▸ **Assigned task**: With every picture left out, give the data below back exactly.

▸ **Material for this task**:
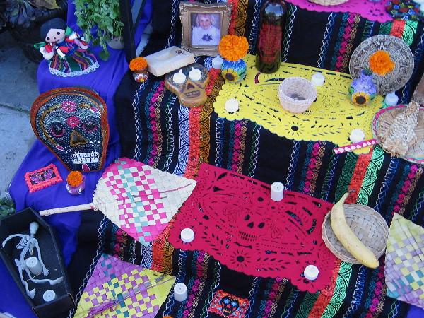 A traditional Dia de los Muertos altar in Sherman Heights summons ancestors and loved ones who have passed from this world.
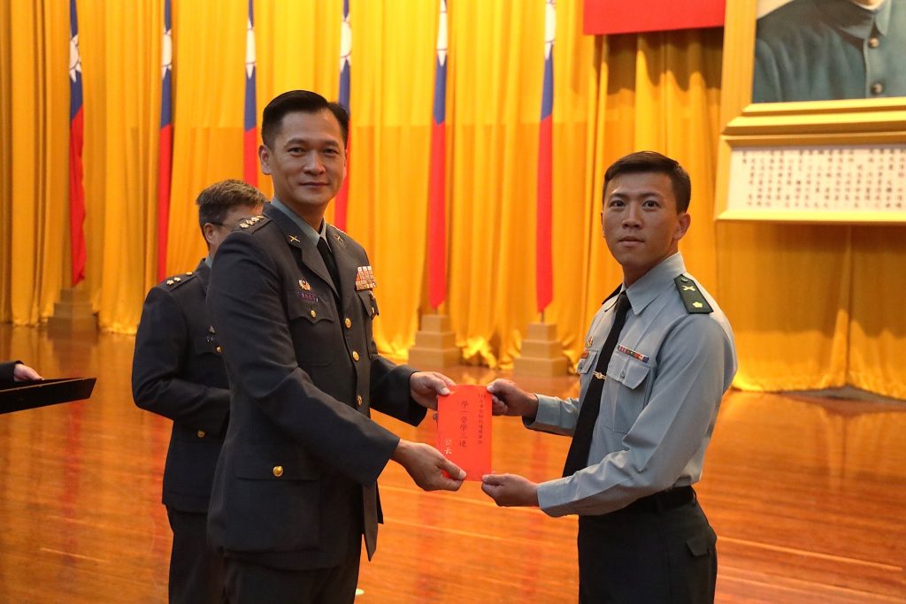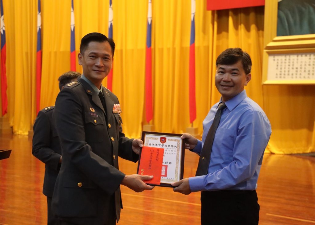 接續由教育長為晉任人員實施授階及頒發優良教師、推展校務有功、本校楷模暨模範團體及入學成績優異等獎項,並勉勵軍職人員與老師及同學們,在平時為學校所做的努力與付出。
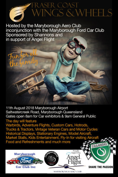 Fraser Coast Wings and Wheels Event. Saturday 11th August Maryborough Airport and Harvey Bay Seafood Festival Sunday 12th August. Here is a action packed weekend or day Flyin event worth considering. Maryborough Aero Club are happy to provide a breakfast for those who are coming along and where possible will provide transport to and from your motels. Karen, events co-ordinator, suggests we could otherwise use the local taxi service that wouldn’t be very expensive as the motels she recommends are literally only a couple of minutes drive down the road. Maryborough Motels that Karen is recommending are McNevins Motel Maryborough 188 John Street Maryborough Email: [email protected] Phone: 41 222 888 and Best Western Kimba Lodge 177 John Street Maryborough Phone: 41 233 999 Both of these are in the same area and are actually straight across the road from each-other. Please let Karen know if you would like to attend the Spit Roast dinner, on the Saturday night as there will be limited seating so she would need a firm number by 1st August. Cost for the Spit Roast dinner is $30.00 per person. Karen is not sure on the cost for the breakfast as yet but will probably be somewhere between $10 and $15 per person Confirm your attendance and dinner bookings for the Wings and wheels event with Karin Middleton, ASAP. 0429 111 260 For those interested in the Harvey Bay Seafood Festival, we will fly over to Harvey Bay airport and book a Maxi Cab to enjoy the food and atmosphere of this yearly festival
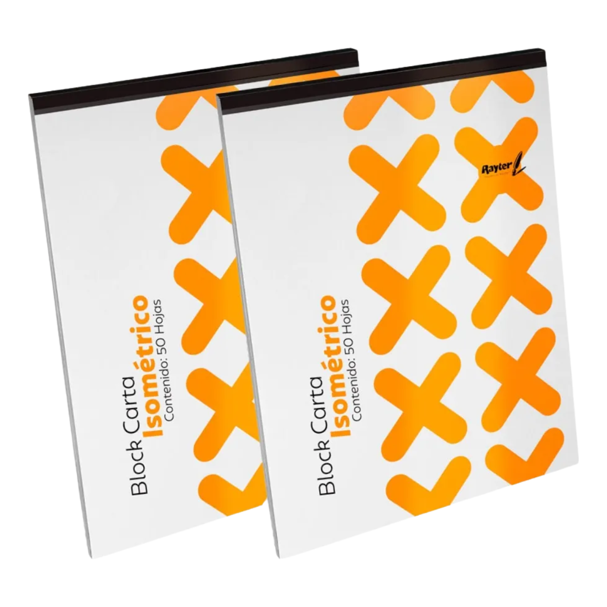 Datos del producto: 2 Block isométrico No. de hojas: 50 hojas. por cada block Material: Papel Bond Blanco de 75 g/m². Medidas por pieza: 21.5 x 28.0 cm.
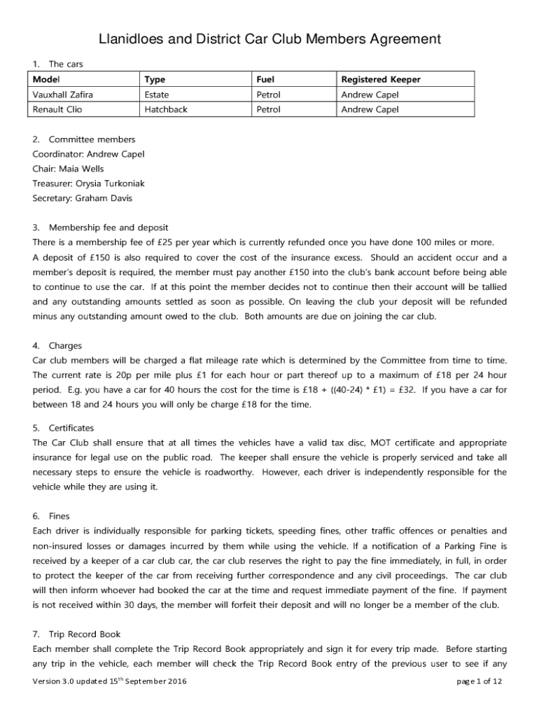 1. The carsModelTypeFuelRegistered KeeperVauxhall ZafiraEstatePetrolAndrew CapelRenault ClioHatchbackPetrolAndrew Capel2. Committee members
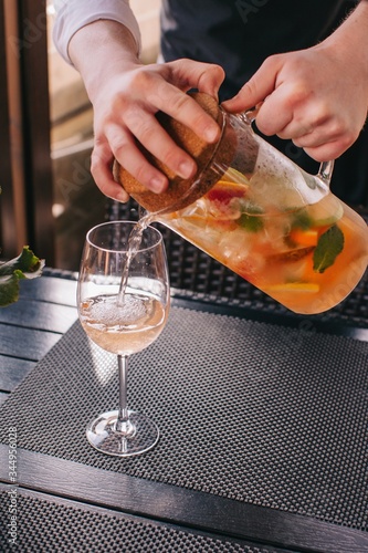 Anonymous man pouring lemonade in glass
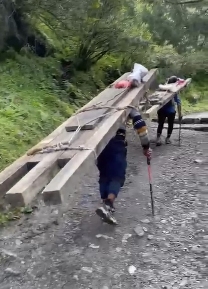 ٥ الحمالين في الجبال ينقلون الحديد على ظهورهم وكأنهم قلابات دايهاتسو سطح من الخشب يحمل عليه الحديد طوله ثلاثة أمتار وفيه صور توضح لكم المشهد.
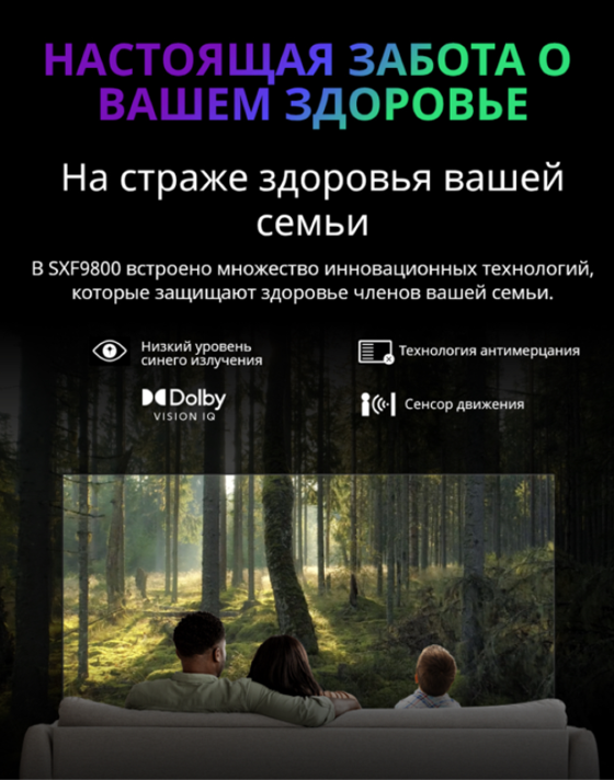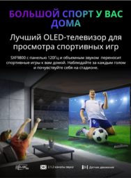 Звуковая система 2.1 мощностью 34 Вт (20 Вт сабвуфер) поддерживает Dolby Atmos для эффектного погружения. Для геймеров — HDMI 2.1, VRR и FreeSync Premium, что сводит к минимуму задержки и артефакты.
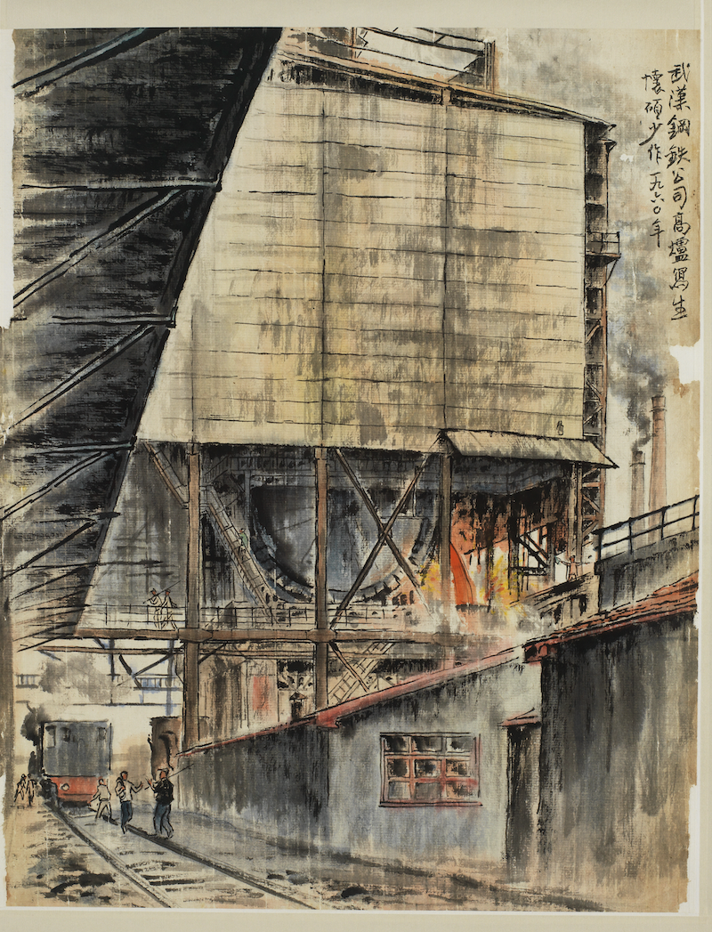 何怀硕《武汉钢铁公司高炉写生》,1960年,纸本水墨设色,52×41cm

▸ **Solution to this task**:
 A traditional Dia de los Muertos altar in Sherman Heights summons ancestors and loved ones who have passed from this world.
 接續由教育長為晉任人員實施授階及頒發優良教師、推展校務有功、本校楷模暨模範團體及入學成績優異等獎項,並勉勵軍職人員與老師及同學們,在平時為學校所做的努力與付出。
 Fraser Coast Wings and Wheels Event. Saturday 11th August Maryborough Airport and Harvey Bay Seafood Festival Sunday 12th August. Here is a action packed weekend or day Flyin event worth considering. Maryborough Aero Club are happy to provide a breakfast for those who are coming along and where possible will provide transport to and from your motels. Karen, events co-ordinator, suggests we could otherwise use the local taxi service that wouldn’t be very expensive as the motels she recommends are literally only a couple of minutes drive down the road. Maryborough Motels that Karen is recommending are McNevins Motel Maryborough 188 John Street Maryborough Email: [email protected] Phone: 41 222 888 and Best Western Kimba Lodge 177 John Street Maryborough Phone: 41 233 999 Both of these are in the same area and are actually straight across the road from each-other. Please let Karen know if you would like to attend the Spit Roast dinner, on the Saturday night as there will be limited seating so she would need a firm number by 1st August. Cost for the Spit Roast dinner is $30.00 per person. Karen is not sure on the cost for the breakfast as yet but will probably be somewhere between $10 and $15 per person Confirm your attendance and dinner bookings for the Wings and wheels event with Karin Middleton, ASAP. 0429 111 260 For those interested in the Harvey Bay Seafood Festival, we will fly over to Harvey Bay airport and book a Maxi Cab to enjoy the food and atmosphere of this yearly festival
 Datos del producto: 2 Block isométrico No. de hojas: 50 hojas. por cada block Material: Papel Bond Blanco de 75 g/m². Medidas por pieza: 21.5 x 28.0 cm.
 1. The carsModelTypeFuelRegistered KeeperVauxhall ZafiraEstatePetrolAndrew CapelRenault ClioHatchbackPetrolAndrew Capel2. Committee members
 Anonymous man pouring lemonade in glass
 ٥ الحمالين في الجبال ينقلون الحديد على ظهورهم وكأنهم قلابات دايهاتسو سطح من الخشب يحمل عليه الحديد طوله ثلاثة أمتار وفيه صور توضح لكم المشهد.
 Звуковая система 2.1 мощностью 34 Вт (20 Вт сабвуфер) поддерживает Dolby Atmos для эффектного погружения. Для геймеров — HDMI 2.1, VRR и FreeSync Premium, что сводит к минимуму задержки и артефакты.
 何怀硕《武汉钢铁公司高炉写生》,1960年,纸本水墨设色,52×41cm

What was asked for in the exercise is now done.